Pinyon Review #11 showcases a variety of poets and artists, beginning with the cover painting, “By Invitation,” an elegant work of art that gives the reader the impression that he’s looking through a window at a brilliant sunrise or sunset. It was executed by Les Taylor of northern California, a music coach who has found her passion in visual art.

Nine Great Blue Heron images of digital art by Steve Friebert (brother of poet and translator Stuart Friebert ) are scattered throughout this celebratory issue. The first photo of a heron facing a page of poetry looks as if he’s announcing a signal event; in later frames, the great bird (so prevalent in my native Louisiana), is shown fishing and making spectacular liftoffs, then soaring into the beyond.

Friebert’s photographs seem to be a metaphor for Zipp’s take-off into the other world, later emphasized in her poem, “Fine Tuning”:  “If I were to live each day/As if it be my last/I’d have to forfeit custom/Rescind the on and on/Cantata/A petition to Infinity/I sing./ Contingency strikes mocking chords/There is dichotomy/Although they prove me hapless now/I’ll tune them/Presently.”

Robert Lake continues the metaphor in his poem, “Spirit Wings,” then notes that when he finished typing his poem about “A bird/Flying ever so high/Disappears/Within a silver lined cloud,” he observed two doves landing in the persimmon tree outside and thought that Aunt Jean’s spirit was poised to leave the earth.

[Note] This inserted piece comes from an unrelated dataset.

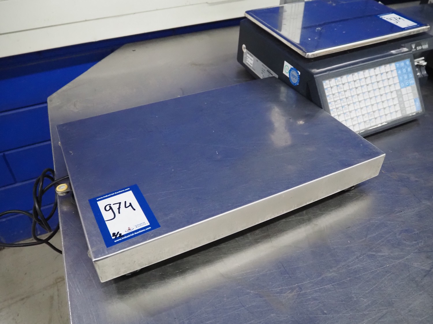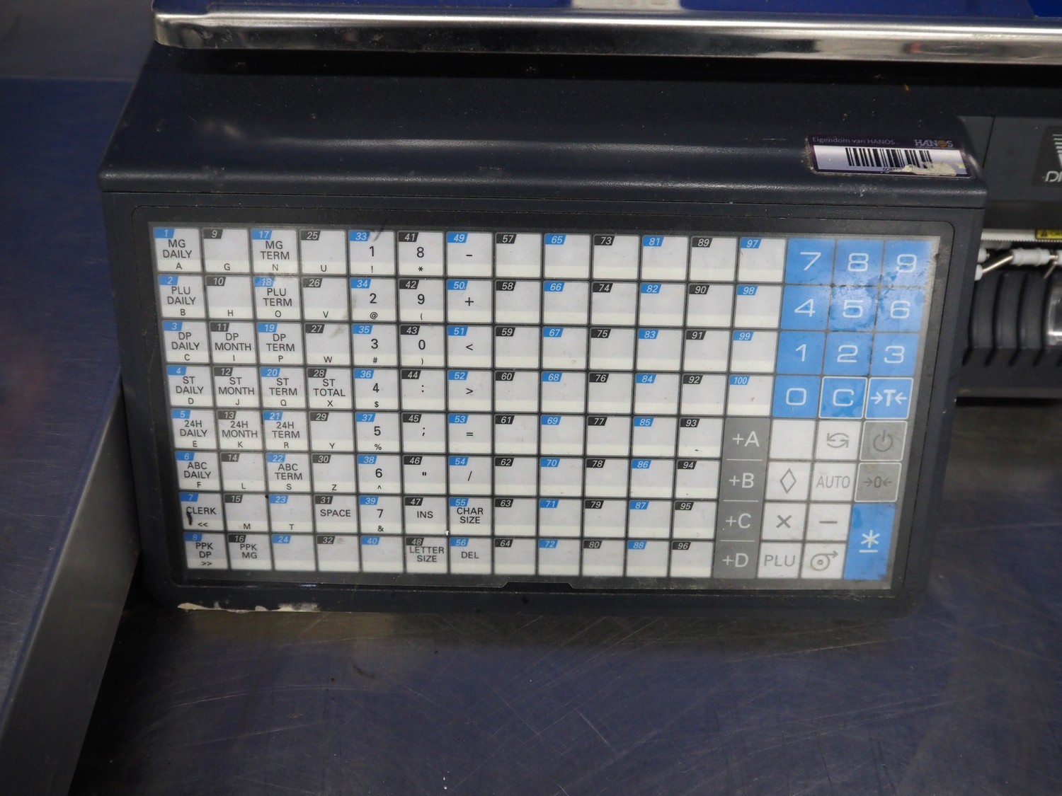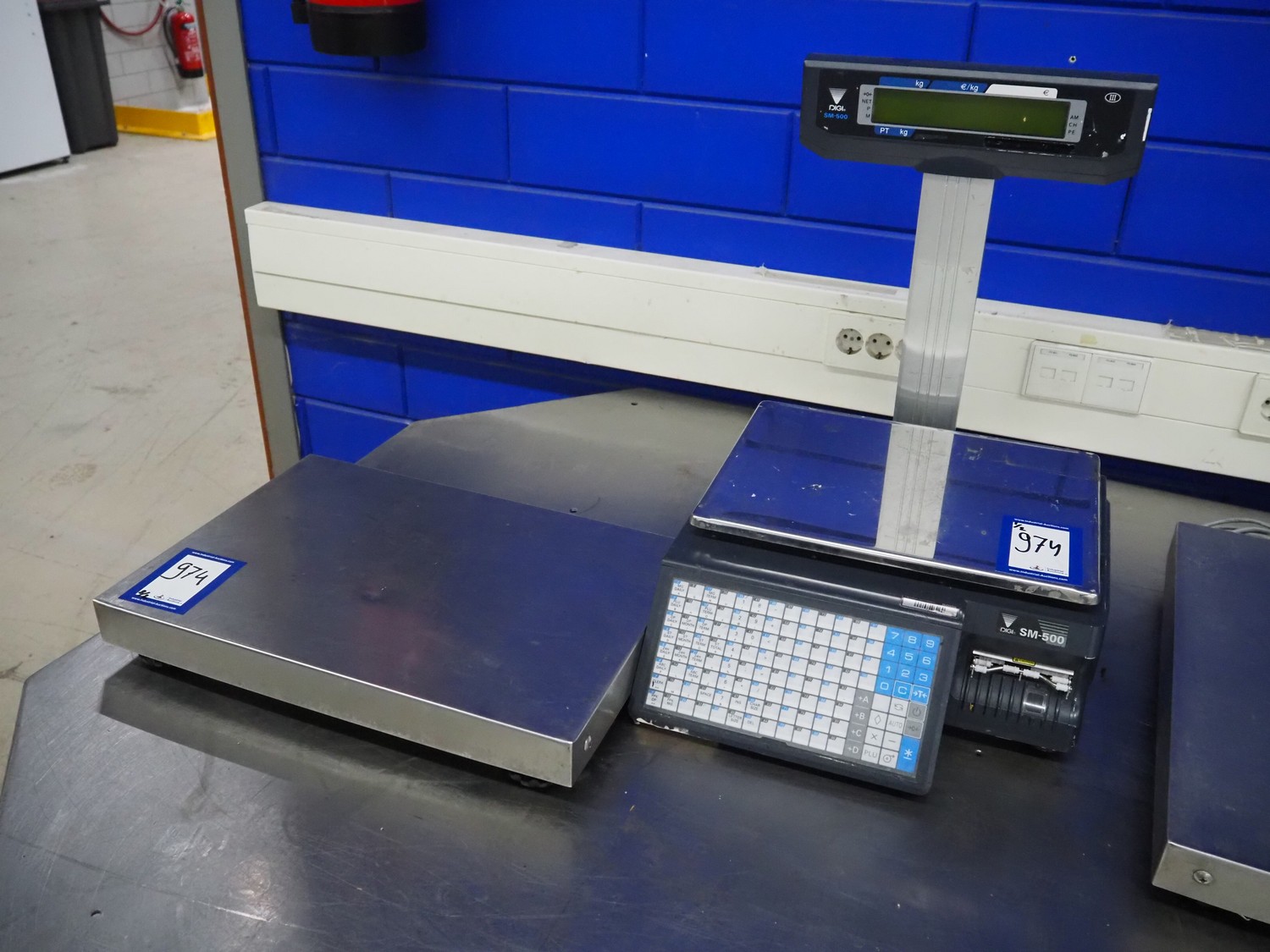 Digi Benelux weighing scale with label printer and extra scale, model: SM-500EP, serial number: 10903679, 230 V, 50/60 Hz, 0.4 A, 45 W, maximum capacity: 30 kg, minimum capacity: 200 g, e= 10 g, T= -9.990 kg, scale dimensions: 380 mm x 280 mm, total dimensions: 400 mm x 480 mm x 560 mm. Dimensions extra scale: 500 mm x 350 mm.

A naturalist, Lake works with glass plate photographic images of Yosemite National Park from the early 20th century.

Many of the poems and photographs focus on the natural world and the ecosystem; e.g. “Solar House Living” by Carla Schwartz “with each new day,/with each new visitor, wonder,/questions,” the voices and images taking readers into sacred places and beyond.

Michael Miller, a poet in western Massachusetts, gives us a brief metaphor of love derived from the natural world in “River:” “Our love is the river/That flows on,/Through darkness, through light,/Over rocks and between them,/Unable to stop.”  Miller has published three volumes of poetry with Pinyon and focuses on brevity of style and understatement in his lyrical phrasings.

Readers are also treated to one of Stuart Friebert’s translations of Elisabeth Schmeidel’s “Mein Clown” (“My Clown”). The translation speaks of the clown as an “escort of my soul…[which] grows quiet too, whenever/love wanders over the graves/pale as a shadow…” Although the poem wasn't intended as a requiem poem for Jean Zipp, it, like many of the poems in Pinyon Review #11, emerges as an expression of the departure of the soul into another realm.

A short story, “Casino Man,” by Neil Harrison, a plethora of notable poets, digital paintings by Jay Friedenberg…this memorial issue for Jean Zipp celebrates her passing with art and song, “singing surrender to a larger life.”

This is a banner issue of Pinyon Review, a tribute to an aging poet who continued to contribute until her passing last month. Pinyon Review #11 is available from Pinyon Publishing 23847 V 66 Trail, Montrose, CO 81403.